Source: arXiv - 2601.05098v1

Overview

The paper introduces ECLIPSE, an open‑source evolutionary computation (EC) library designed to plug directly into heavyweight physics simulators used for scientific instrument design. By handling the heavy‑weight evaluation bottleneck, ECLIPSE lets engineers and researchers run EC‑driven optimization on real‑world, high‑fidelity models—something that was previously impractical for most development teams.

Key Contributions

  • Domain‑aware representation layer: Encodes hardware (e.g., antennas, spacecraft structures) as “Individuals” that respect physical constraints and geometric semantics.
  • Simulator‑centric evaluation pipeline: A plug‑and‑play “Evaluator” component automatically generates input files, launches external simulators, and maps raw simulation outputs to fitness scores.
  • EC algorithms tuned for low‑throughput environments: Evolvers implement surrogate‑assisted, batch‑wise, and asynchronous strategies that reduce the number of expensive simulations needed.
  • Modular, extensible architecture: Clear separation of Individuals, Evaluators, and Evolvers enables teams to swap in custom simulators or optimization heuristics with minimal code changes.
  • Real‑world case studies: Demonstrated on 3‑D antenna design and low‑Earth‑orbit drag‑reduction geometry problems, showing measurable performance gains over manual design iterations.

Methodology

ECLIPSE follows a three‑tier design:

  1. Individuals – Objects that store a candidate design using either parametric variables (e.g., length, curvature) or geometric primitives (meshes, CAD features). The library enforces domain constraints (material limits, symmetry, manufacturability) at creation time.
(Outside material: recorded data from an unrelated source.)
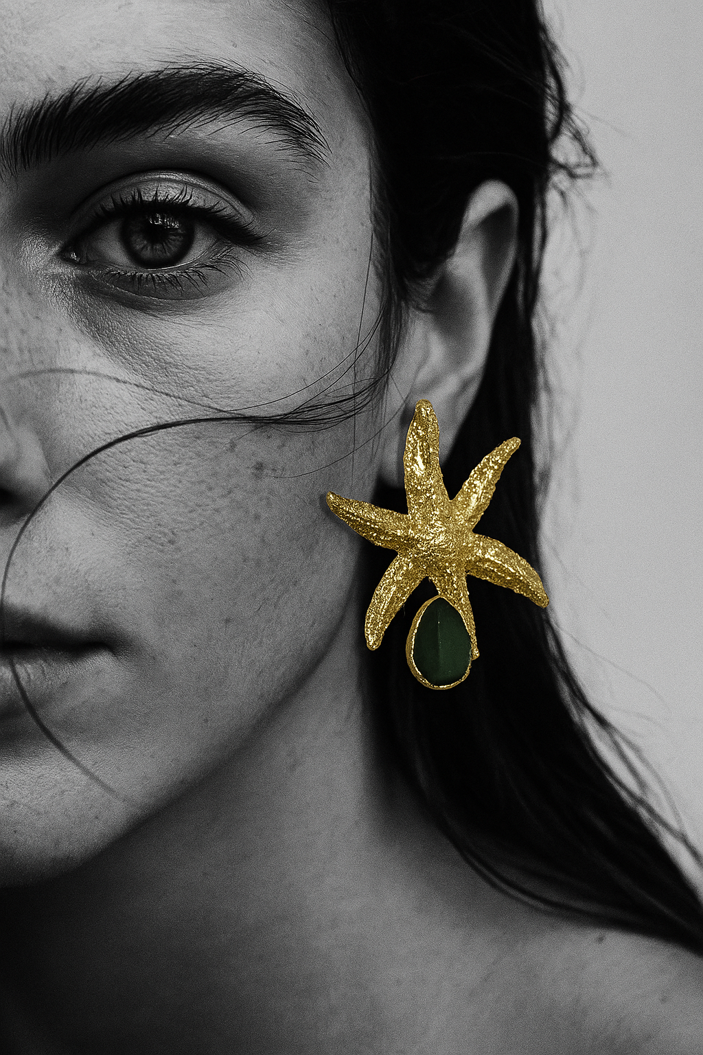 Denizin büyüsünü gece ışıltısıyla buluşturan özel bir parça. Altın kaplama dokusu ve siyah kristal taşıyla zamansız bir kontrast yaratır.
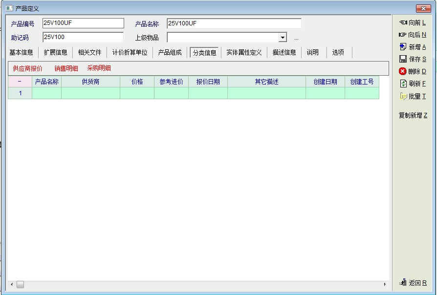 如图,建议老师在产品定义》分类信息中增加查询该产品销售明细及采购明细的信息,现实中经常需要查询某一产品的销售及采购明细,虽然销售报表及采购报表可以查询得到,但始终太麻烦。
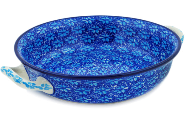 This Deep Into The Blue Sea Medium Round Baker with Handles was handmade and hand decorated in Boleslawiec, Poland by skilled artisans according to old traditional methods. This Polish stoneware is microwave, dishwasher, freezer, and oven safe up to 480°F. It does not contain lead or cadmium. It is part of the Deep Into The Blue Sea Collection.
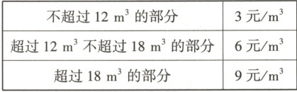 6.B【详解】设此户居民12月用水量为$x m^3$,缴纳的水费为$y$元,则当$x \in [0, 12]$时,$y = 3x \leq 36$元,不符合题意;当$x \in (12, 18]$时,$y = 12 × 3 + 6(x - 12) = 6x - 36$,令$6x - 36 = 82$,解得$x \approx 19.7$,不符合题意;当$x \in (18, +\infty)$时,$y = 12 × 3 + 6 × 6 + 9(x - 18) = 9x - 90 = 82$,解得$x \approx 19.1$,符合题意。综上,此户居民12月用水量约为$19.1m^3$。
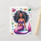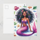 This vibrant fantasy postcard features watercolor artwork of a 'Black' mermaid surrounded by sea life. The dark brown-skinned mer creature poses on the sea floor with a beautiful smile, wearing a purple top. She has a scaly pink tail and is surrounded by fish, starfish, bubbles, and other ocean creatures and botanical elements. The beautiful mermaid has thick, long, naturally curly hair fanning out from her radiant, melanin-rich face in the underwater scene.
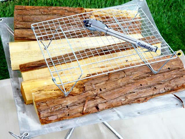 セットの杉薪(5kg)は天日乾燥済みで火付き抜群!アウトドア感満点の皮付き国産天然杉です。また、芝生などの地面を焦がす可能性がある場所でも焚き火シートがあるので安心です。火の粉や飛び火保護シートとしても利用可能です。薪の上にセットできるスタンドロースター(焼き網)や肉挟みミニトングも付属していますので、フライパンでの調理やBBQも楽しめます。
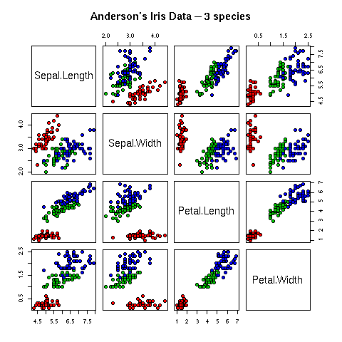 pairs(iris[1:4], main = "Anderson's Iris Data -- 3 species",
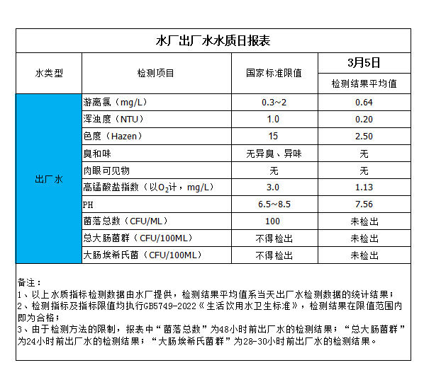 水廠(chǎng)出廠(chǎng)水水質(zhì)日?qǐng)?bào)表(2024-3-5)
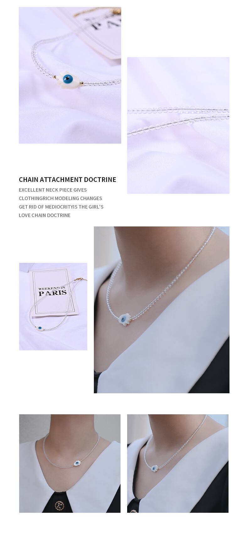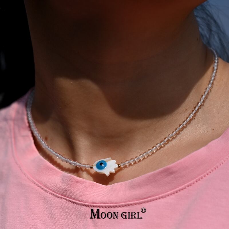 送料無料 3MMホワイトクリスタルネックレス女性シェルトルコの邪眼チョーカージュエリー自由奔放に生きるステンレス鋼ストリートウェアコリアー レース アクセサリー AE665517299601688
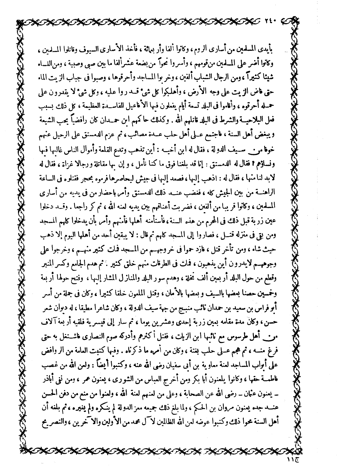 بِأَيْدِي الْمُسْلِمِينَ مِنْ أُسَارَى الرُّومِ، وَكَانُوا أَلْفًا وأربعمائة، فأخذ الأسارى السيوف وقاتلوا المسلمين، وكانوا أضر على المسلمين من قومهم، وَأَسَرُوا نَحْوًا مِنْ بِضْعَةَ عَشَرَ أَلْفًا مَا بَيْنَ صَبِيٍّ وَصَبِيَّةٍ، وَمِنَ النِّسَاءِ شَيْئًا كَثِيرًا، ومن الرجال الشباب أَلْفَيْنِ، وَخَرَّبُوا الْمَسَاجِدَ وَأَحْرَقُوهَا، وَصَبُّوا فِي جِبَابِ الزَّيْتِ الْمَاءَ حَتَّى فَاضَ الزَّيْتُ عَلَى وَجْهِ الأرض، وأهلكوا كل شيء قدروا عليه، وَكُلُّ شَيْءٍ لَا يَقْدِرُونَ عَلَى حَمْلِهِ أَحْرَقُوهُ، وأقاموا في البلد تسعة أيام يفعلون فيها الأفاعيل الفاسدة العظيمة، كل ذلك بسبب فعل البلاحية والشرط في البلد قاتلهم الله. وكذلك حاكمهم ابن حمدان كان رافضيا يحب الشيعة ويبغض أهل السنة، فاجتمع على أهل حلب عدة مصائب، ثم عزم الدمستق على الرحيل عنهم خوفا من سيف الدولة، فقال له ابن أخيه: أين تذهب وتدع القلعة وأموال الناس غالبها فيها ونساؤهم؟ فقال له الدمستق: إنا قد بلغنا فوق ما كنا نأمل، وإن بها مقاتلة ورجالا غزاة، فقال له لَا بُدَّ لَنَا مِنْهَا، فَقَالَ لَهُ: اذْهَبْ إليها، فصعد إليها في جيش ليحاصرها فرموه بحجر فقتلوه فِي السَّاعَةِ الرَّاهِنَةِ مِنْ بَيْنِ الْجَيْشِ كُلِّهِ، فغضب عند ذلك الدمستق وأمر بإحضار من في يديه مِنْ أَسَارَى الْمُسْلِمِينَ، وَكَانُوا قَرِيبًا مِنْ أَلْفَيْنِ، فضربت أعناقهم بين يديه لعنه الله، ثم كر راجعا. وَقَدْ دَخَلُوا عَيْنَ زَرْبَةَ قَبْلَ ذَلِكَ فِي المحرم من هذه السنة، فأستأمنه أهلها فأمنهم وأمر بأن يدخلوا كلهم المسجد ومن بقي في منزله قتل، فصاروا إلى المسجد كلهم ثم قال: لا يبقين أحد من أهلها الْيَوْمَ إِلَّا ذَهَبَ حَيْثُ شَاءَ، وَمَنْ تَأَخَّرَ قُتِلَ، فَازْدَحَمُوا فِي خُرُوجِهِمْ مِنَ الْمَسْجِدِ فَمَاتَ كَثِيرٌ مِنْهُمْ، وَخَرَجُوا عَلَى وُجُوهِهِمْ لَا يَدْرُونَ أَيْنَ يَذْهَبُونَ، فَمَاتَ فِي الطُّرُقَاتِ مِنْهُمْ خَلْقٌ كَثِيرٌ. ثُمَّ هَدَمَ الْجَامِعَ وَكَسَرَ الْمِنْبَرَ وَقَطَعَ مِنْ حَوْلِ الْبَلَدِ أَرْبَعِينَ أَلْفَ نَخْلَةٍ، وَهَدَمَ سور البلد والمنازل المشار إليها، وَفَتَحَ حَوْلَهَا أَرْبَعَةً وَخَمْسِينَ حِصْنًا بَعْضُهَا بِالسَّيْفِ وبعضها بالأمان، وقتل الملعون خلقا كثيرا، وكان في جملة من أسر أبو فراس بن سعيد بن حمدان تائب مَنْبِجَ مِنْ جِهَةِ سَيْفِ الدَّوْلَةِ، وَكَانَ شَاعِرًا مطيقا، له ديوان شعر حسن، وكان مدة مقامه بعين زربة إحدى وعشرين يوما، ثم سار إلى قيسرية فَلَقِيَهُ أَرْبَعَةُ آلَافٍ مِنْ أَهْلِ طَرَسُوسَ مَعَ نَائِبِهَا ابْنِ الزَّيَّاتِ، فَقَتَلَ أَكْثَرَهُمْ وَأَدْرَكَهُ صَوْمُ النَّصَارَى فَاشْتَغَلَ بِهِ حَتَّى فَرَغَ مِنْهُ، ثُمَّ هجم على حلب بغتة، وكان من أمره ما ذكرناه. وفيها كَتَبَتِ الْعَامَّةُ مِنَ الرَّوَافِضِ عَلَى أَبْوَابِ الْمَسَاجِدِ لعنة مُعَاوِيَةَ بْنِ أَبِي سُفْيَانَ رَضِيَ اللَّهُ عَنْهُ، وكتبوا أيضا: ولعن الله من غصب فاطمة حقها، وكانوا يلعنون أبا بكر وَمَنْ أَخْرَجَ الْعَبَّاسَ مِنَ الشُّورَى، يَعْنُونَ عُمَرَ، وَمَنْ نَفَى أَبَا ذَرٍّ- يَعْنُونَ عُثْمَانَ- رَضِيَ الله عن الصحابة، وعلى من لعنهم لعنة الله، ولعنوا من منع من دَفْنَ الْحَسَنِ عِنْدَ جَدِّهِ يَعْنُونَ مَرْوَانَ بْنَ الحكم، ولما بلغ ذلك جميعه مُعِزَّ الدَّوْلَةِ لَمْ يُنْكِرْهُ وَلَمْ يُغَيِّرْهُ، ثُمَّ بلغه أن أهل السنة محوا ذلك وكتبوا عوضه لَعَنَ اللَّهُ الظَّالِمِينَ لِآلِ مُحَمَّدٍ مِنَ الْأَوَّلِينَ والآخرين، والتصريح
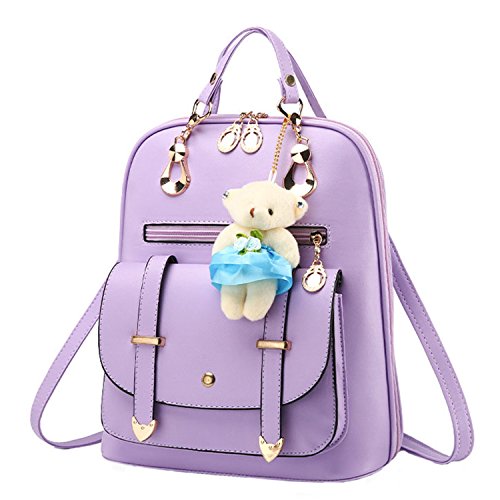 NOTAG リュック PUレザー リュック ショルダーバッグ 女性ハンドバッグ 肩掛け 斜め掛け 3way レディース バッグ クマちゃん付き 高校学生 人気 通勤 通学 用 に (パープル)
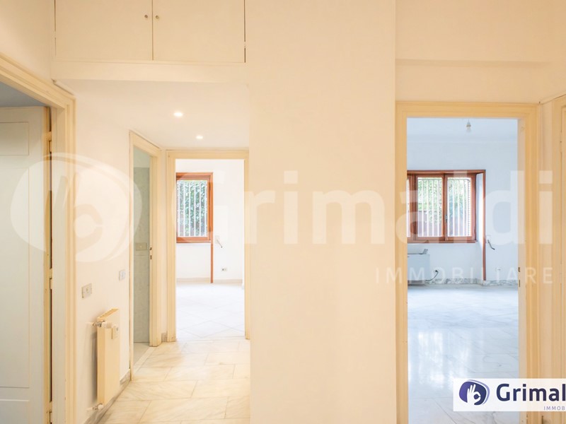 VG11/26 Roma - Eur - Torrino - Serafico In uno dei tratti più richiesti e residenziali di Viale del Serafico, all' interno di un contesto signorile e riservato, proponiamo in vendita un appartamento posto al piano terra di un elegante stabile di 8 piani, ben curato. L' accesso all' ingresso del palazzo avviene tramite 8 gradini; lo stabile è tuttavia dotato di sedia montascale, che consente un accesso agevolato e garantisce una maggiore fruibilità degli spazi comuni. L' immobile si distingue per la razionale distribuzione degli spazi. L' ingresso introduce a un ampio salone con pavimentazione in marmo, elemento di pregio che conferisce eleganza e rappresentatività all' ambiente. La zona giorno è completata da una cucina abitabile, mentre la zona notte comprende due grandi camere da letto, un bagno finestrato e un comodo ripostiglio. La doppia esposizione assicura ottima luminosità e una piacevole ventilazione naturale durante tutto l' arco della giornata. Completa la proprietà un posto auto coperto, plus particolarmente apprezzato nella zona.
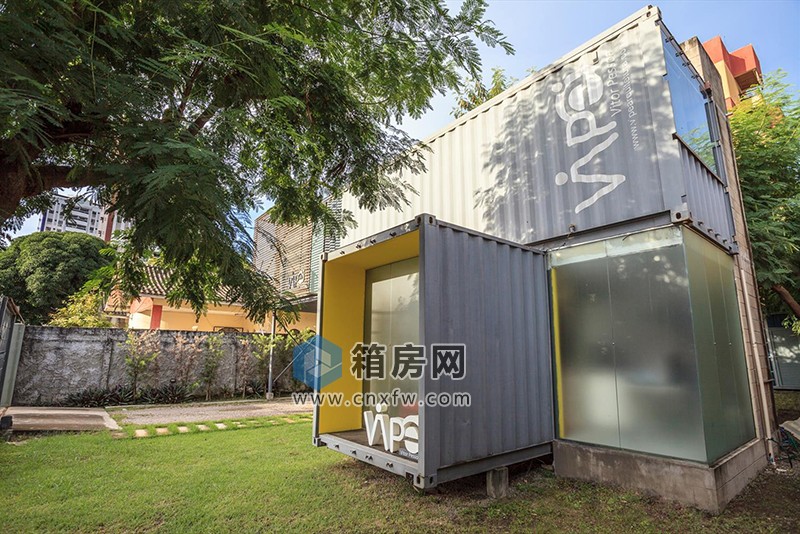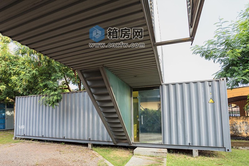 該集裝箱辦公室租用土地450平方米,由40英尺的集裝箱構建而成。由于土地是租來的,采用集裝箱結構,方便移除和重新組建。
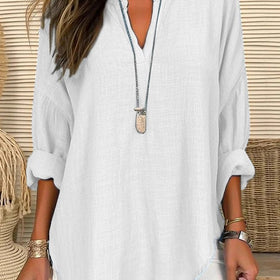 Diese schicke Leinenbluse für den Sommer kombiniert stilvolle Leichtigkeit mit natürlichem Tragekomfort. Der atmungsaktive Leinenstoff sorgt für ein angenehmes Hautgefühl und hält Sie auch an heißen Tagen frisch. Mit ihrem eleganten Schnitt und dem zeitlosen Design passt sie perfekt zu sommerlichen Outfits – ob lässig mit Jeans oder schick mit einer Leinenhose. Ein Must-have für stilbewusste Frauen, die Eleganz und Komfort schätzen.
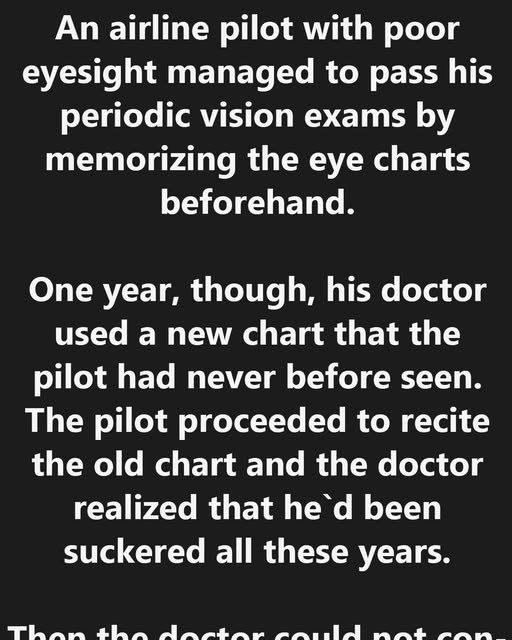 An airline pilot with poor eyesight managed to pass his periodic vision exams by memorizing the eye charts beforehand. One year, though, his doctor used a new chart that the pilot had never before seen. The pilot proceeded to recite the old chart and the doctor realized that he`d been suckered all these years.
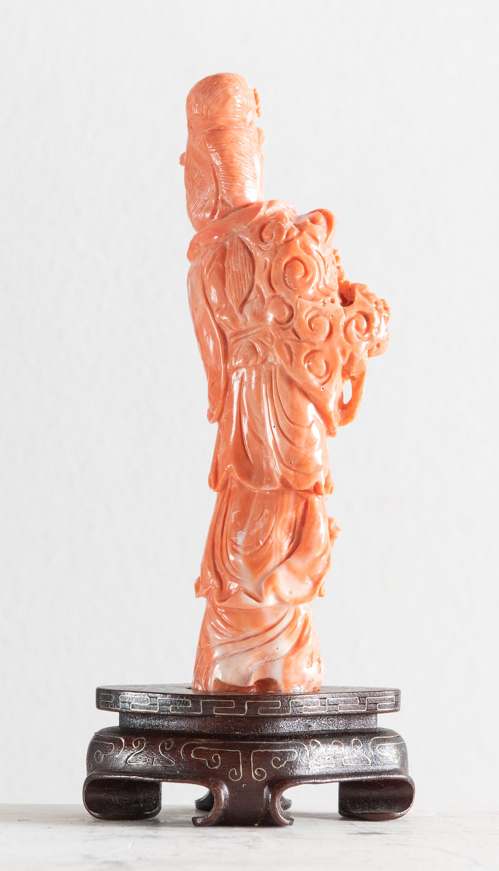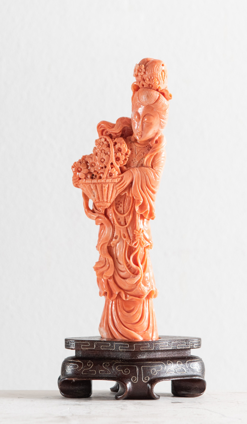 "Geisha con cesto di fiori". Scultura in corallo. Peso 322,10 gr. Cm 19,5x6,5x3.
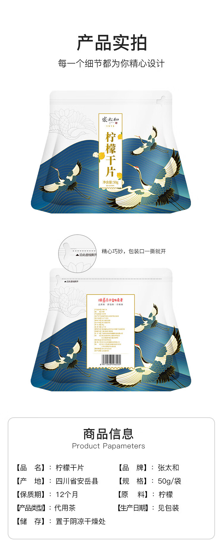 张太和 柠檬干片50g*3袋柠檬片泡茶泡水切片花草茶饮柠水柠檬水干片袋装
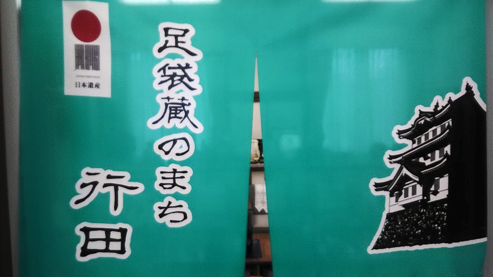 上田知事時代から、知事の応接室にある【行田・足袋】と忍城の『のれん』。

  2. Evaluators – Middleware that translates an Individual into the exact input format required by a target physics simulator (e.g., CST, ANSYS, or custom CFD codes). After the simulator finishes, the Evaluator parses the results (S‑parameters, drag coefficients, etc.) and computes a scalar fitness value (or multi‑objective vector).

  3. Evolvers – A suite of EC algorithms (genetic algorithms, CMA‑ES, surrogate‑assisted evolution) that are aware of the high cost of each evaluation. They employ techniques such as:

    • Batch evaluation – grouping candidates to exploit parallel simulator runs on HPC clusters.
    • Surrogate models – training cheap predictive models (Gaussian processes, neural nets) on previously evaluated designs to filter out low‑promise candidates before the expensive simulation step.
    • Asynchronous evolution – allowing new individuals to be injected as soon as any simulation finishes, keeping compute resources fully utilized.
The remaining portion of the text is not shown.